Over 200 animals - including eland and waterbuck - died as a result.
Until the late 1980's, the number of animals was kept at around 50% of the park maximum carrying capacity but has more recently been allowed to increase significantly.
The re-introduction of lion to Pilanesberg was started in late 1993 and by early 1994 nineteen of these predatory animals had been released into the park. The current lion population is around 43. In 1995, serval and a further six cheetah were released and in June 1999 wild dogs were re-introduced thanks to generous sponsorship from a number of organisations including FoPS.
In Africa, no other game reserves of comparable size are within such easy reach of a major tourism market and international gateway.
Today, Pilanesberg National Park accommodates virtually every mammal of southern Africa including the Big Five.
Stone Age Achaeological Sites -- Stone Age hunter-gatherers were active in the area. Middle Stone Age artifacts are found all over the Park, thus indicating that people were in the area between 200 000 and 40 000 years ago.

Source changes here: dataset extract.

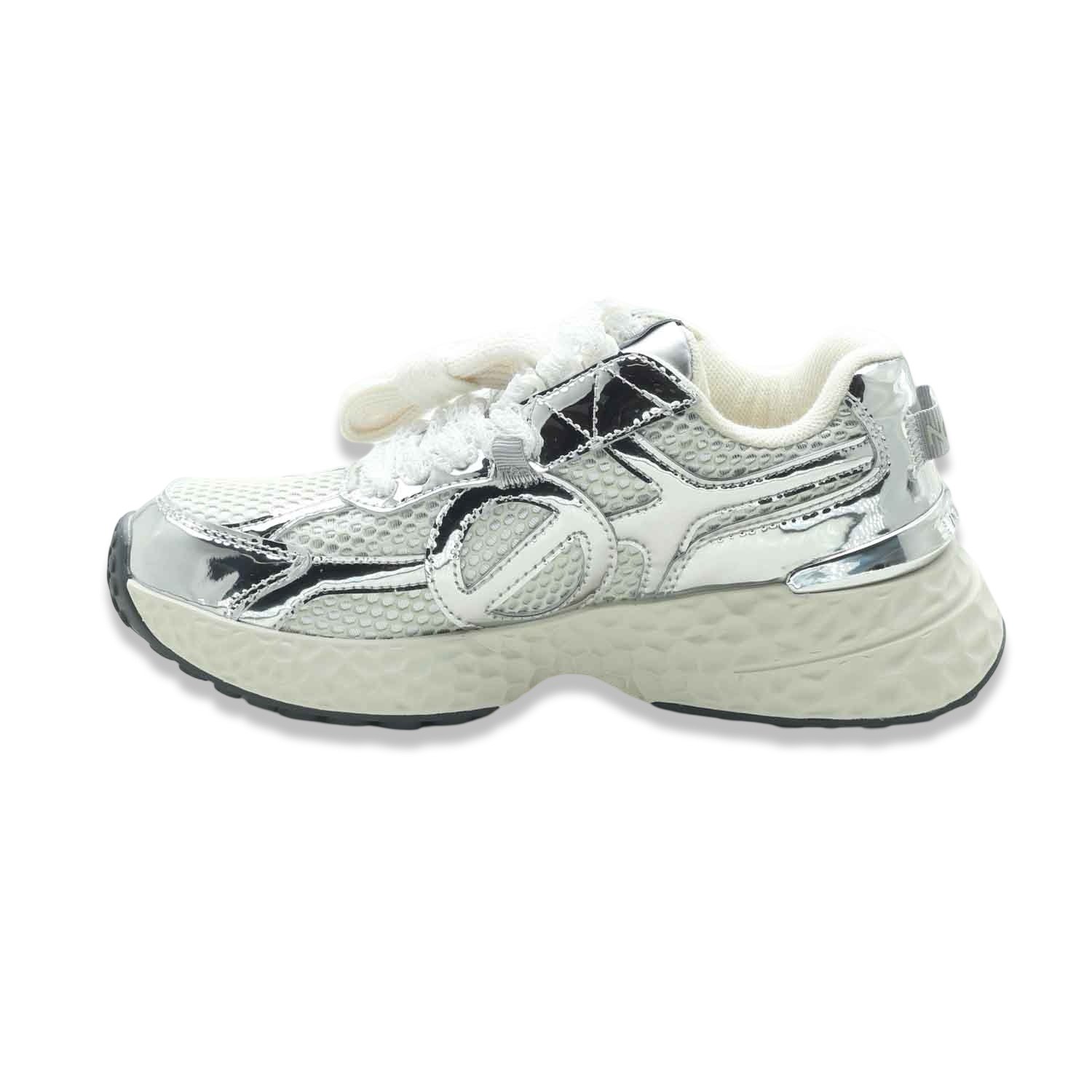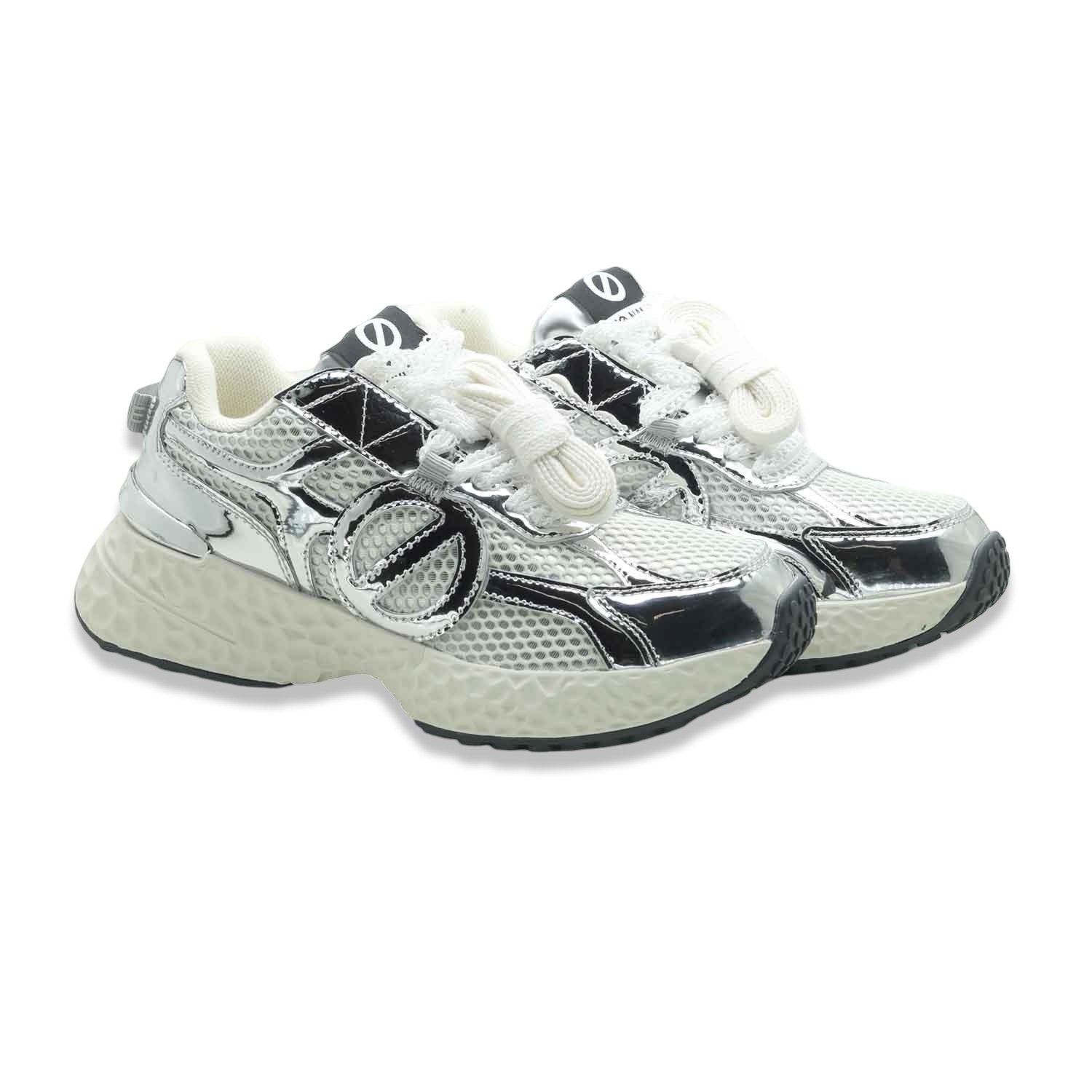 • Tomaia effetto specchio silver con inserti in rete mesh
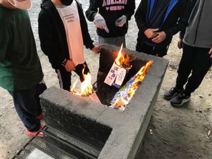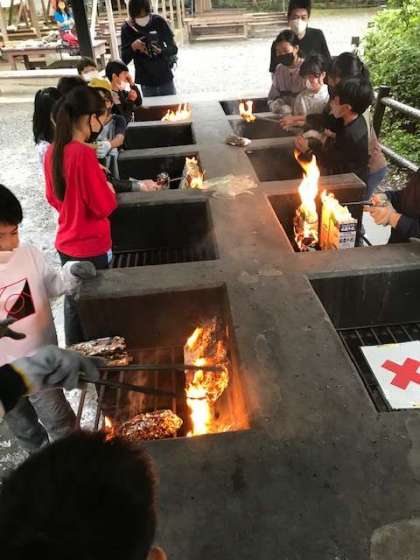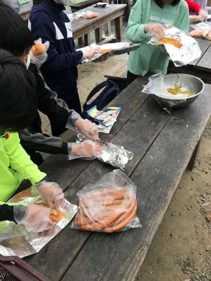 パンにソ−セージなどの具をはさみ、アルミホイルに包んで牛乳パックに入れて焼きます。上手に焼けるかな。

Iron Age Achaeological Sites -- Ethnographic research and documents indicate that the Bakgatla ba ga Kgafela (part of the Tswana linguistic group) have been living in the vicinity of Pilanesberg since the latter half of the eighteenth century. Pilanesberg is named after a chief, Pilane, who ruled between 1825 and 1850. It is interesting to note that when they first arrived, another group, the baTlhako, were in the area and demanded tribute from the Bakgatla people. Today the Bakgatla people live in Saulspoort along the northern border of the Park.